==== Data for this exercise

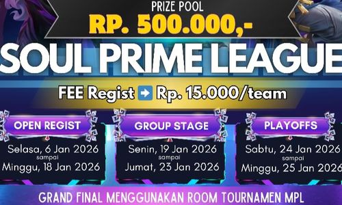 TournamentSOUL PRIME LEAGUE S3●Pendaftaran DibukaGratis18 Jan 2026Slot0/32PenyelenggaraSoul Predator Organizer
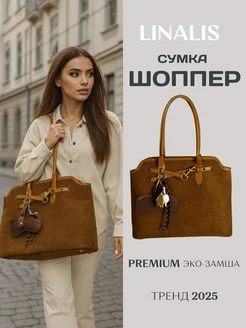 Сумка женская большая коричневая замшевая шоппер с обвесами
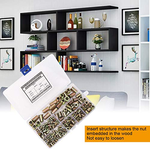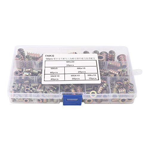 165Pcs Dado con inserto filettato esagonale Dado per mobili in legno zincato Set dado per inserto filettato in acciaio al carbonio placcato colore
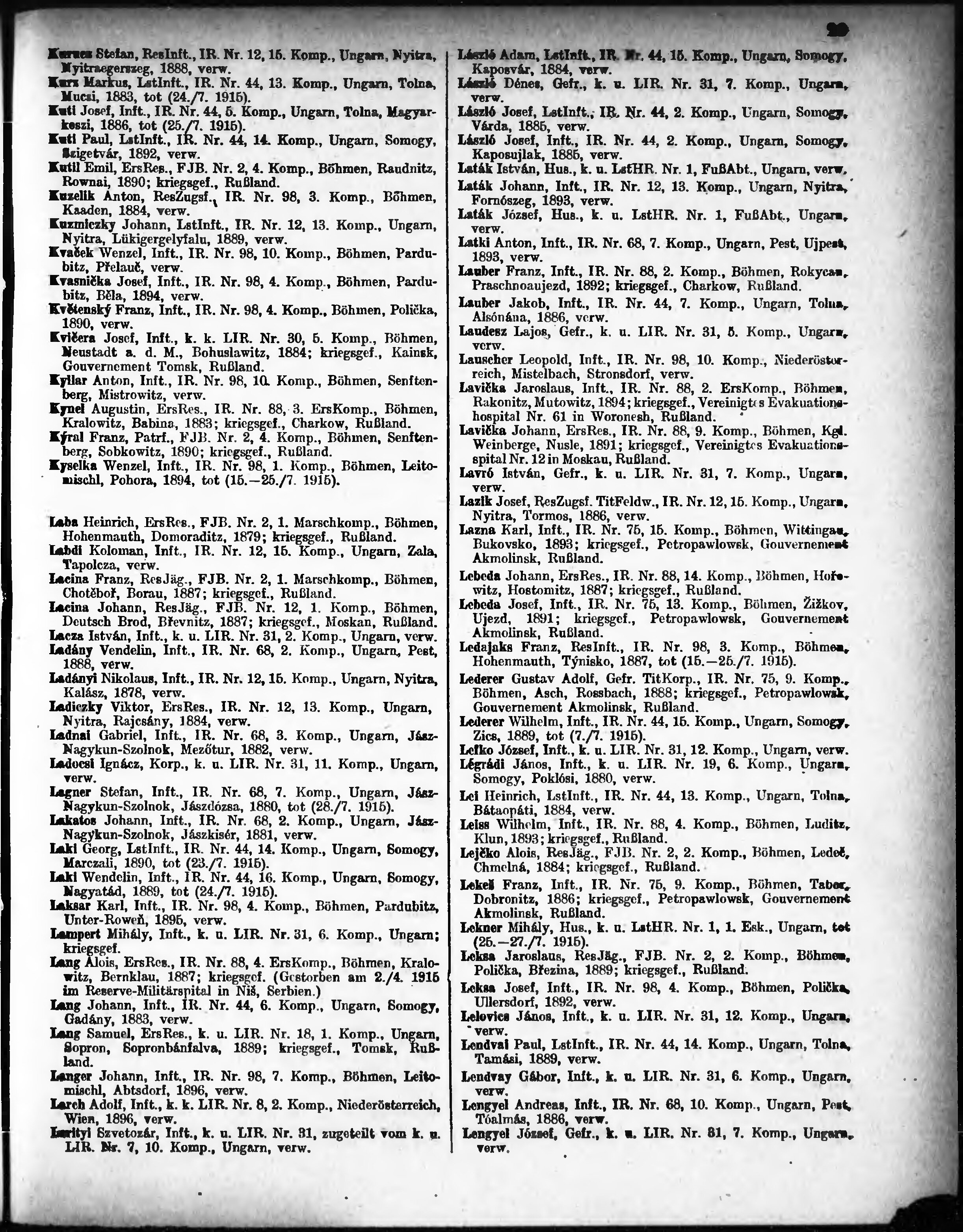 Verlustliste ausgegeben am
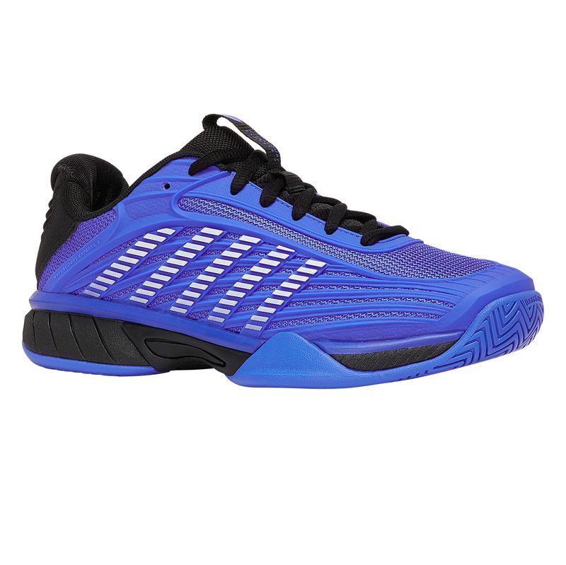 The Junior Hypercourt Express 3 updates the top-selling Hypercourt Express 2 with a newly designed upper featuring durable DuraWrap for added support and protection. Built for junior and varsity-level players, it offers dependable performance and durability on court. A K-EVA midsole delivers a cushioned ride for comfort throughout training and match play.

========

■ **Task details**
Take the line containing "Verlustliste ausgegeben am" as the first and the last line of the records as the end. Print every line in that span exactly, leaving out pictures.

■ **Exercise answer**
 Verlustliste ausgegeben am
 The Junior Hypercourt Express 3 updates the top-selling Hypercourt Express 2 with a newly designed upper featuring durable DuraWrap for added support and protection. Built for junior and varsity-level players, it offers dependable performance and durability on court. A K-EVA midsole delivers a cushioned ride for comfort throughout training and match play.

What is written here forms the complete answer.